Two months ago, the Australian minister for international development and the Pacific, Concetta Fierravanti-Wells, argued that “80% of Australians do not support any further spending on foreign aid”.
This was reflected in the 2017 Lowy Institute Poll where, when the Australian respondents were told exactly how much Australia invested in aid, $3.8 billion, only 22% supported an increase.
But dollar amounts can be misleading, so the 2018 Lowy Institute Poll took a different approach to the question of public support for Australian aid. Instead of asking Australians whether our current aid investment was right, we asked how much they thought we invested. The results, which back up other research into public opinions on foreign aid, are in striking contrast to reality, revealing how fraught polling of public perceptions on foreign aid can be.
Our 2018 results show that Australians have a highly inflated perception of the size of our aid program. The average Australian believes we invest about 14% of the federal budget on foreign aid and that we should actually invest about 10%. In reality, we invest 0.8%.
On average, Australians think we invest 17.5 times more than we actually do, and would like us to be 12.5 times more generous than we are. Only 6% of respondents guessed anywhere close to the actual number. If that’s how much they think we invest, it’s no wonder there is little support to increase it.
When told how much we actually invest, be it $5 billion (1.2% of federal expenditure) in 2015 or, after significant cuts, $3.8 billion (0.8% of federal expenditure) in 2017, the results are remarkably sticky. The majority thought it sounded reasonable, and only 21% in 2015 and 22% in 2017 supported an increase. When given no baseline, they think we invest more than we do, and think it should be less.
How do we reconcile these results, which appear completely at odds with one another?
To me, this shows how little Australians think about foreign aid. We think of ourselves as a generous nation and expect that to be reflected in our aid program. We don’t give any real thought to it, and in the end trust the government to do what’s right.
But the government is not doing what is right. Since the Coalition government came to power in 2013, Australian aid has been cut by close to 25% when adjusting for inflation.
Australian aid is now at its lowest point in our history, when measured as a proportion of national income. As peers like the United Kingdom and New Zealand are rapidly stepping up, we are slipping into the bottom third of rich country donors.
We are the fifth-most-prosperous country in the OECD but rank 21st in generosity. By 2021, our donor peers down the bottom will be Spain, the United States, Portugal, Slovenia, Greece, Korea, Czech Republic, Poland, Slovak Republic and Hungary.
Why is this the case?
For me, the answer is that the Abbott and Turnbull Coalition governments do not see the efficacy and importance of aid. They don’t see the critical national interest of our aid program in building goodwill and strong institutional linkages with our immediate neighbours, or the impact it has on improving people’s lives.

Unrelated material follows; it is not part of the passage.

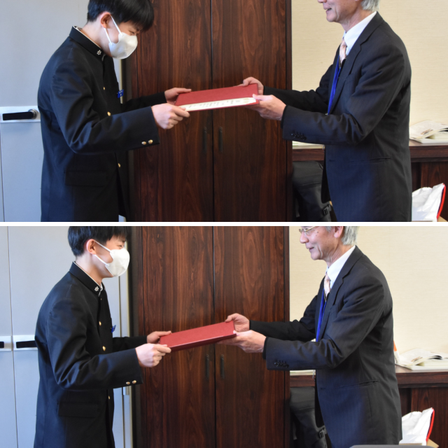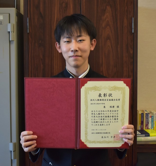 うれしい知らせが届きました。本校3年の東琢磨さんが、応募した中学生人権作文コンテストにおいて、「金沢人権擁護委員協議会長賞」を受賞しました。おめでとうございます。一昨日16日(火)、金沢人権擁護委員協議会の方が来校され賞状を届けてくださいました。本日、東さん本人に賞状と景品を手渡しました。彼は「小さな力」というテーマで作文を書きました。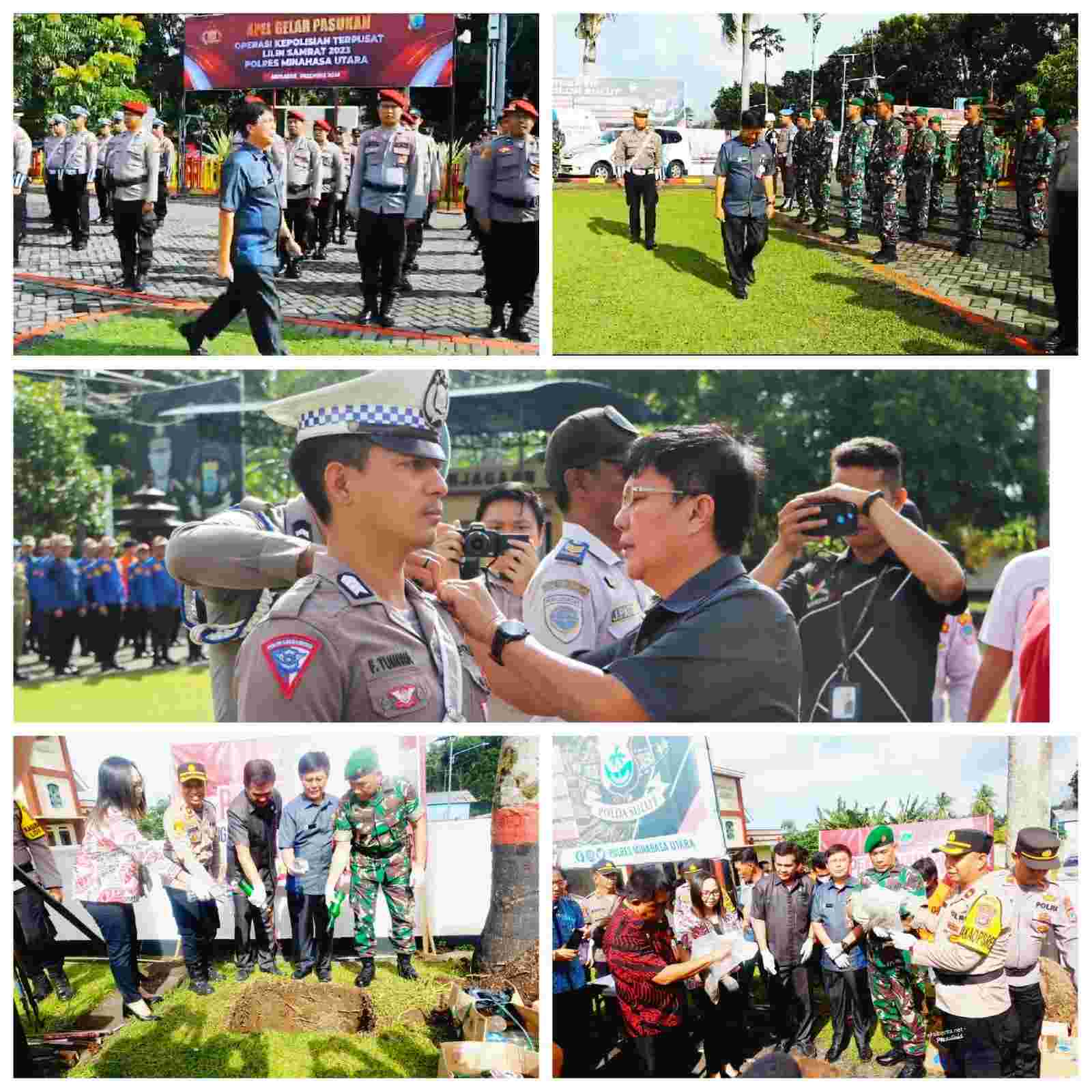 Apel Gelar Pasukan dipimpin Sekda Minut Novly Wowiling dihadiri Pabung Minut Mayor Chb Umboh, Wakapolres Minut Kompol Sugeng Wahyudi Santoso, S.H., S.Ik, Ketua FKUB Minut Pdt. Karundeng, Sth, Wakil ketua dewan Minut Paulus Sundalangi, SE, Asisten 1 Minut Umbase Mayuntu, S.Sos. M.Si. Asisten Manager Trafic Jasa Marga Ilham Maulana Yusuf, Kadis Perhubungan Minut Max Wurarah, SH, Dan sub POM Minut Kapten CPM, Charles Katuuk, Kabid BPBD Hein perengkuan, Sekretaris Sat Pol Pp Minut Marco pela, Para Kapolsek jajaran polres Minut, Para tokoh Agama Minut.

They know it will only ever be a marginal election issue, and what few votes there are for it tend to sit on the other side of the aisle. If MPs don’t believe in its importance and don’t see any election implications or widespread public outcry at the cuts, it starts to make sense why the aid program has been such an easy target for this government.
Fierravanti-Wells instead argues forcefully that it is impossible to increase the aid budget when the public does not support it.
Academic literature points to this being a critical flaw of foreign aid. Normal feedback mechanisms of domestic government expenditure that promote effectiveness and support do not apply to foreign aid. Taxpayer money is collected in one country and spent in another, with taxpayers having little knowledge of, or interest in, how it is being spent.
Beneficiaries of aid, on the other hand, have a strong interest in aid, but no direct political influence or voice to advocate for it. These flaws result in a marginal constituency for foreign aid, reflecting its marginal place in government expenditure.
What’s surprising about foreign aid is the public scrutiny it receives from our political class over other investments in Australia’s national interest. Our diplomatic, defence and intelligence expenditure receive less public scrutiny despite far larger (and growing) sums.
The development community has in part allowed this to happen by failing to build and maintain a bipartisan political constituency for Australian aid by selling the importance of foreign aid as a critical investment in Australia’s national interest. It is an important complement to our investments in diplomacy and defence, particularly because we are surrounded by developing nations that have significant financing challenges.
Having just a few political champions can do more than any campaign to deepen public support for Australian aid. Our politicians have the loudest megaphone to support the aid program, but at the moment are choosing not to use it.
There are ways out of this. Aid advocacy efforts could be professionalised and targeted at members of parliament. There should be more study tours for politicians, like those run by Save the Children with the support of the Gates Foundation, to see Australian aid in action in supporting the unprecedented humanitarian and development needs in our region. More effort should be made to highlight the foreign policy and strategic imperative for Australian aid, particularly in response to the growing competition from China, which has finally captured the attention of Australian media in the Pacific.
The Australian aid program is at a disappointing low point, and our poll shows that there is expectation for us to be doing more. It’s time for some political leadership to turn things around.